#### WHAT NEEDS TO BE DONE
Repeat exactly the lines below, from the line containing "Given a target" through the last line, both included. Leave out any pictures.

#### Records from a data source
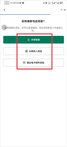 4、创建完成后,可以将邀请链接发送给团队成员,或通过联系人或电子邮件添加他们。
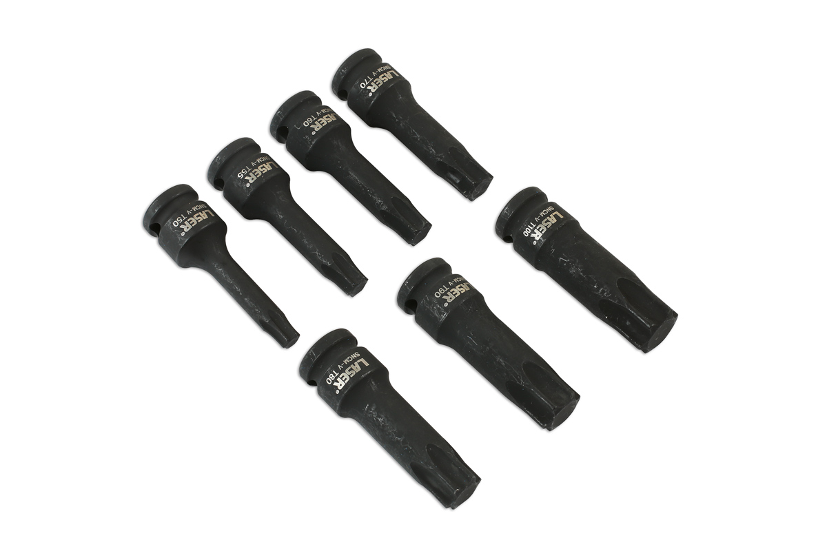 Long series, heavy duty impact Star* 1/2"D socket bit set from T50 to T100.
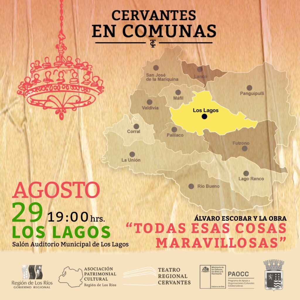 - Todas esas Cosas Maravillosas: La notable intervención teatral del dramaturgo inglés Duncan Macmillan, Todas esas cosas maravillosas, llega de la mano del actor nacional Álvaro Escobar. Catalogada como “la obra más entretenida que jamás verás acerca de la depresión”
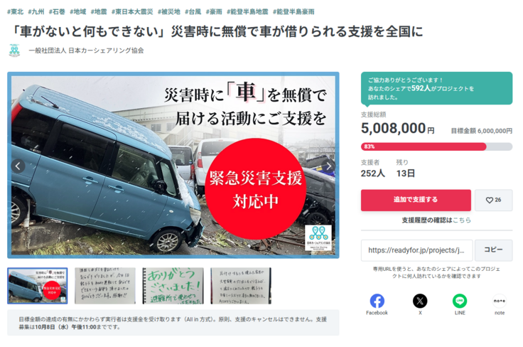 明日の災害に備える仕組みにご支援を|カーシェアサポーター募集
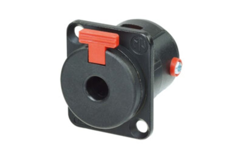 3 kutuplu telefon jakı panel montajlı versiyonu, yanlışlıkla bağlantının kesilebileceği veya şok ve titreşimin meydana gelebileceği durumlarda sağlam ve güvenli bağlantılar sağlar. Standart A-gauge mono veya stereo fişlerle mandallanır. Çiftleşme sırasında fiş otomatik olarak kilitlenir ve kilidi yalnızca kırmızı serbest bırakma tırnağına basılarak açılır. Standart D boyutunda ön panel görünümü.
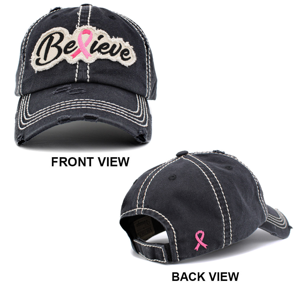 Believe Message Pink Ribbon Accented Vintage Baseball Cap
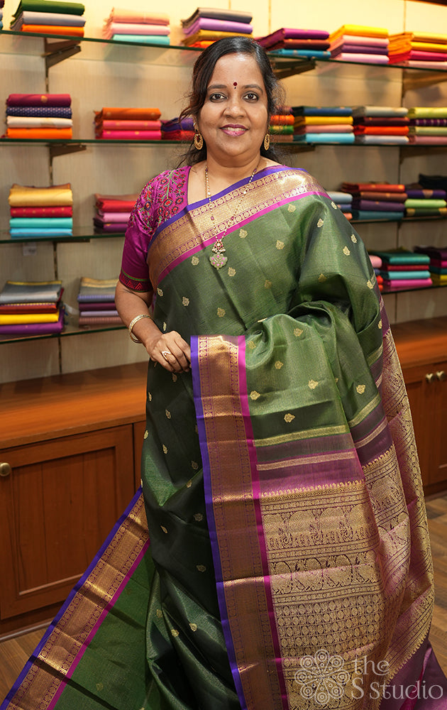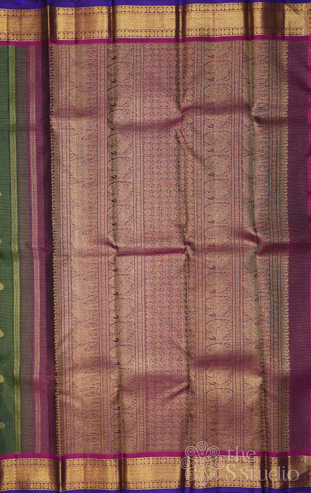 An emerald green colour vaira oosi kanchipuram silk saree with floral bhuttas woven along with vairaoosi zari lines on the body is an apt choice for any special occasion. The border is in a magenta colour with a violet selvedge woven with kamalam buttas and vanki pet in vertical fashion. The magenta pallu has mayil chakaram motifs complimented by peacocks woven in pure zari.
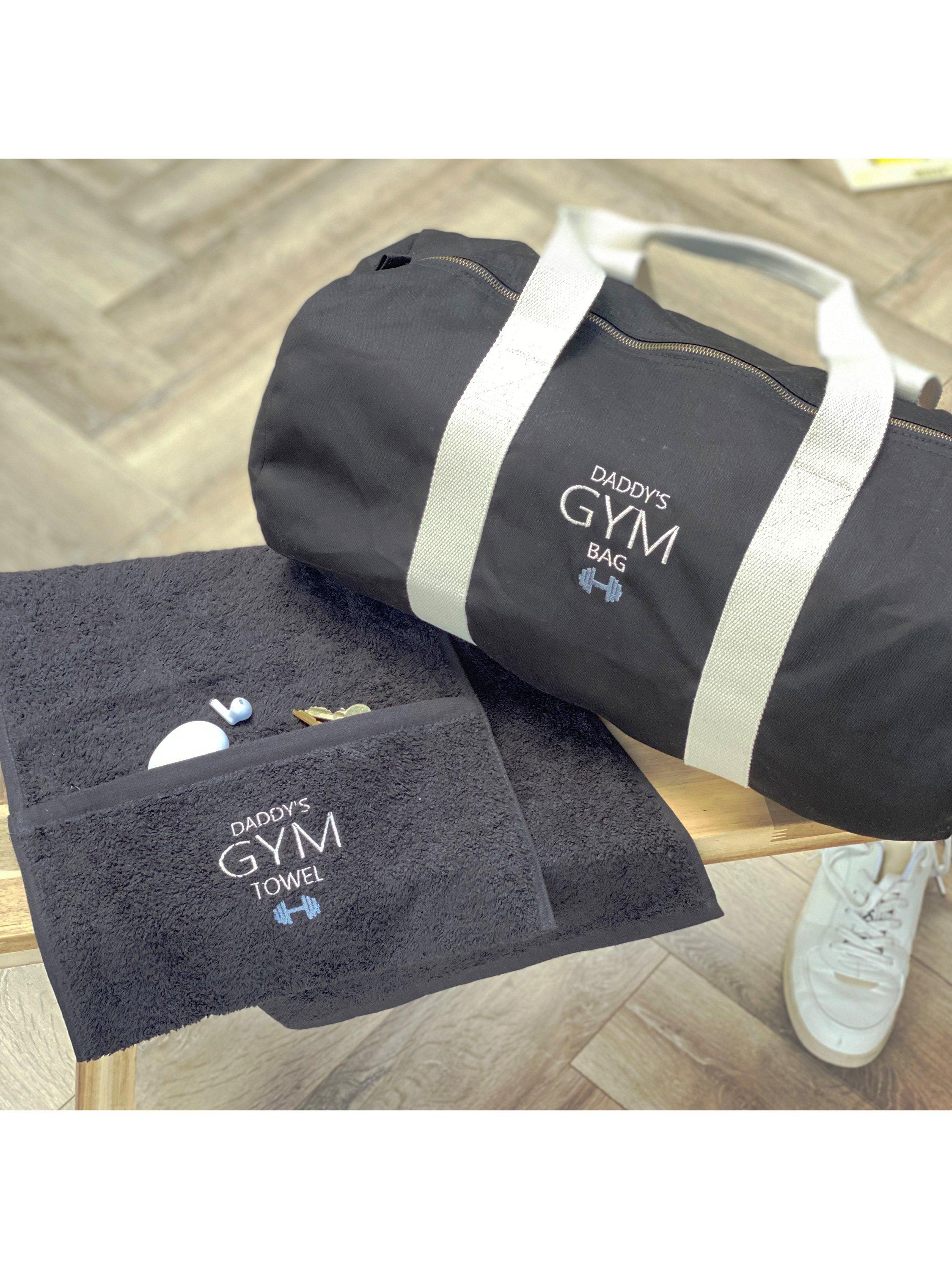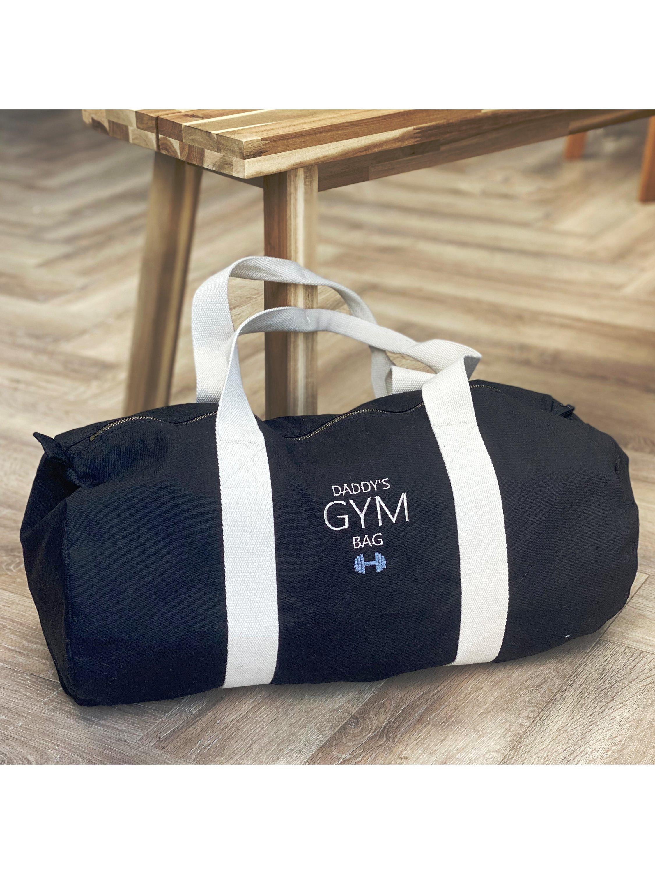 A fun and quirky personalised holdall embroidered to make a cool barrel bag into your gym bag. A great gift for a gym lover! This cool barrel bag makes going to the gym easy and stylish. This cotton duffel bag is embroidered with a name, message and a weight logo. It is a great gift for a husband who loves going to the gym or a friend who is always counting reps.
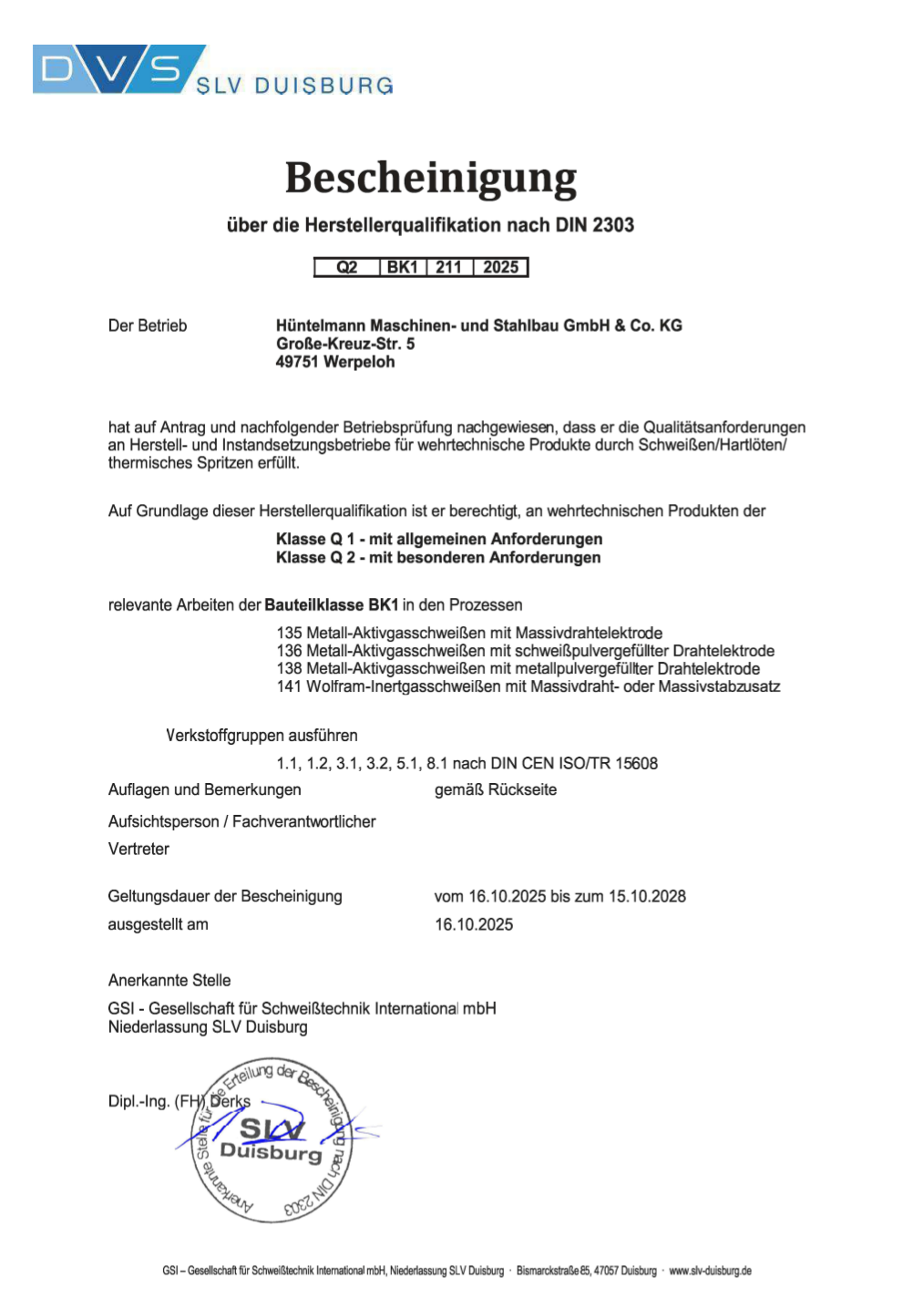 Unsere Zertifizierungen der Maschinen- und Stahlbau GmbH & Co. KG
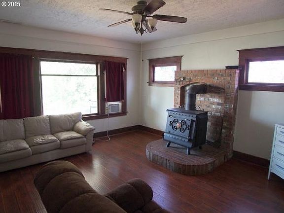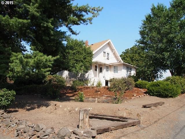 Nice Farmhouse style home with covered front porch, updated kitchen & baths but lots of original charm still intact. 2 spacious bedrooms upstairs with wood floors share a large bath, enjoy views from the large windows. The main level bedroom located at the back of the home gives a little privacy.The 2 car stone garage located at street level has a path up to the house. There is plenty of room for a garden, extra parking or build a shop.
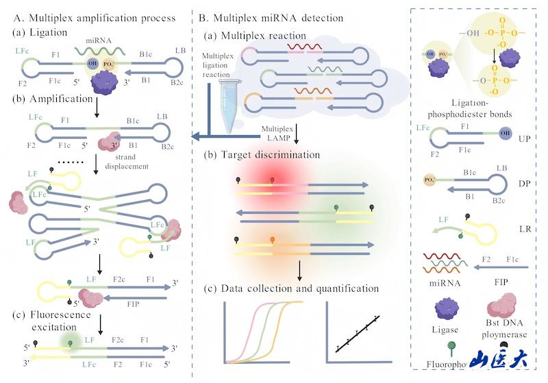 miRNA作为一类小非编码RNA分子,已被广泛应用于肿瘤早期筛查、疾病进展监测及治疗等生物医学实践中。相比单一指标检测,多重miRNA同步定量分析有助于提升检测结果的准确性。尽管目前基于PCR的miRNA检测技术已较为成熟,但其在特异性和灵敏度方面仍存在一定局限,难以满足液体活检、无创产前诊断及法医微量降解样本检测等高要求应用场景。环介导等温扩增(loop-mediated isothermal amplification, LAMP)虽具备更高的扩增效率及灵敏度,但其对模板长度的严格要求使其难以直接适配短小的成熟miRNA,更无法支持多重miRNA靶标的同时识别与定量。
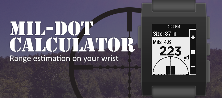 Given a target of known size and a mil-dot measurement from the reticle of a scope or binoculars, this app estimates the range to target. Works in inches/yards or centimeters/meters (long select button press to switch between them). Tell me what you think: https://twitter.com/MisterOuchie
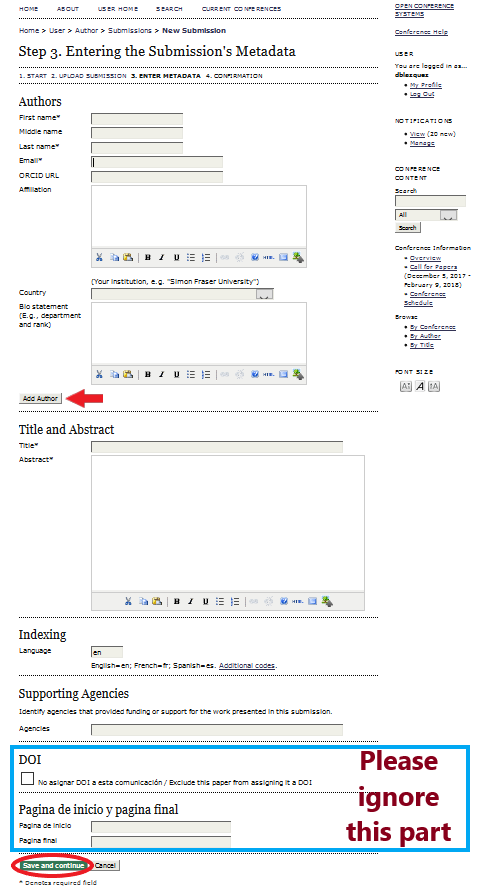 The third step consists of entering detailed information about the authors and the paper. Please, remember to include the details for all the authors of the paper (click on “Add Author” after each author’s details are completed).
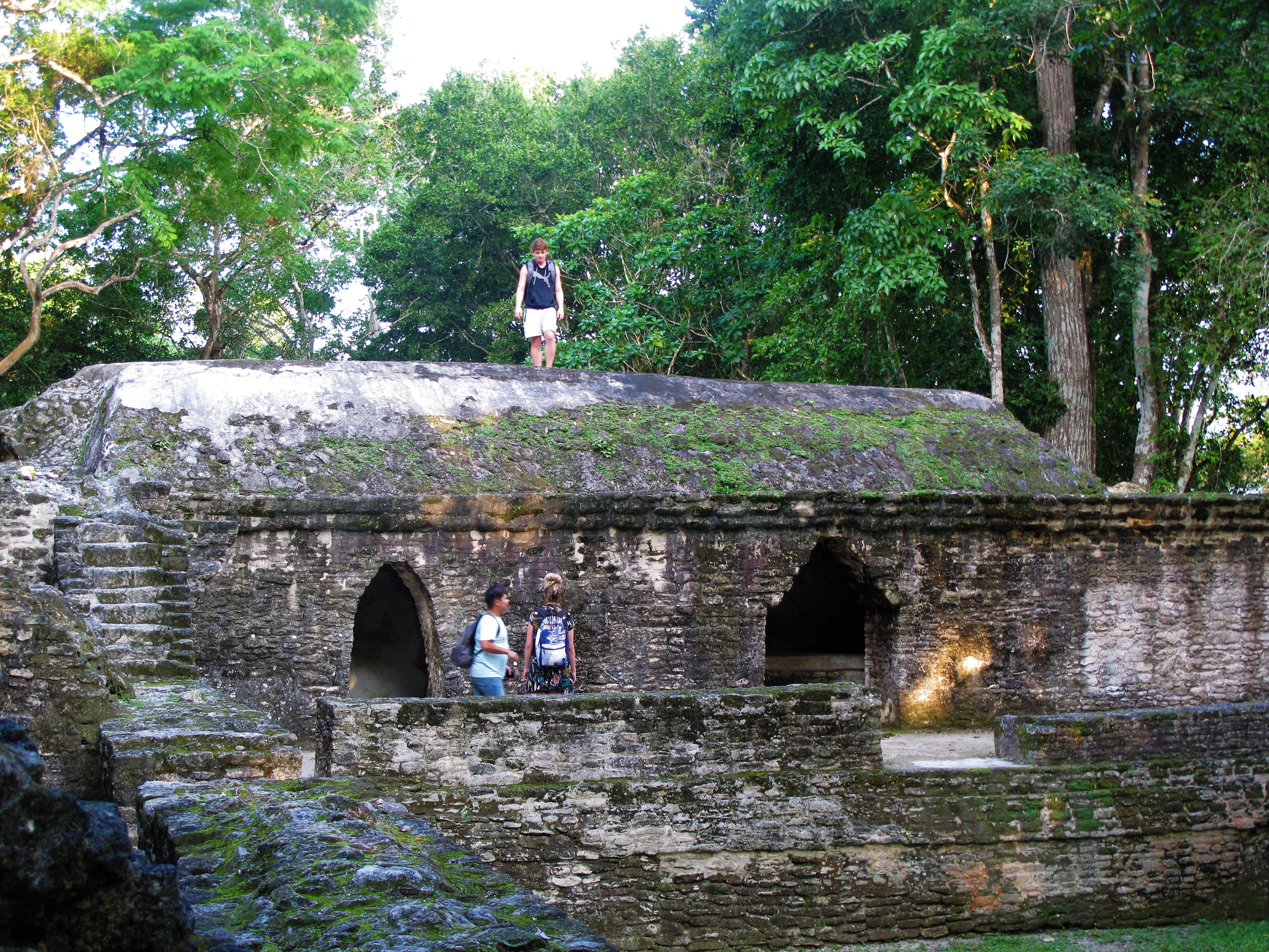 We walk back to the jungle camp to change into dry clothes and we have a lunch of chicken, rice and beans, salad and of course…..rum punch! The tour driver takes us back to San Ignacio and drops us off at the ancient Mayan ruins site, Cahal Pech.

#### ANSWER SPACE
 Given a target of known size and a mil-dot measurement from the reticle of a scope or binoculars, this app estimates the range to target. Works in inches/yards or centimeters/meters (long select button press to switch between them). Tell me what you think: https://twitter.com/MisterOuchie
 The third step consists of entering detailed information about the authors and the paper. Please, remember to include the details for all the authors of the paper (click on “Add Author” after each author’s details are completed).
 We walk back to the jungle camp to change into dry clothes and we have a lunch of chicken, rice and beans, salad and of course…..rum punch! The tour driver takes us back to San Ignacio and drops us off at the ancient Mayan ruins site, Cahal Pech.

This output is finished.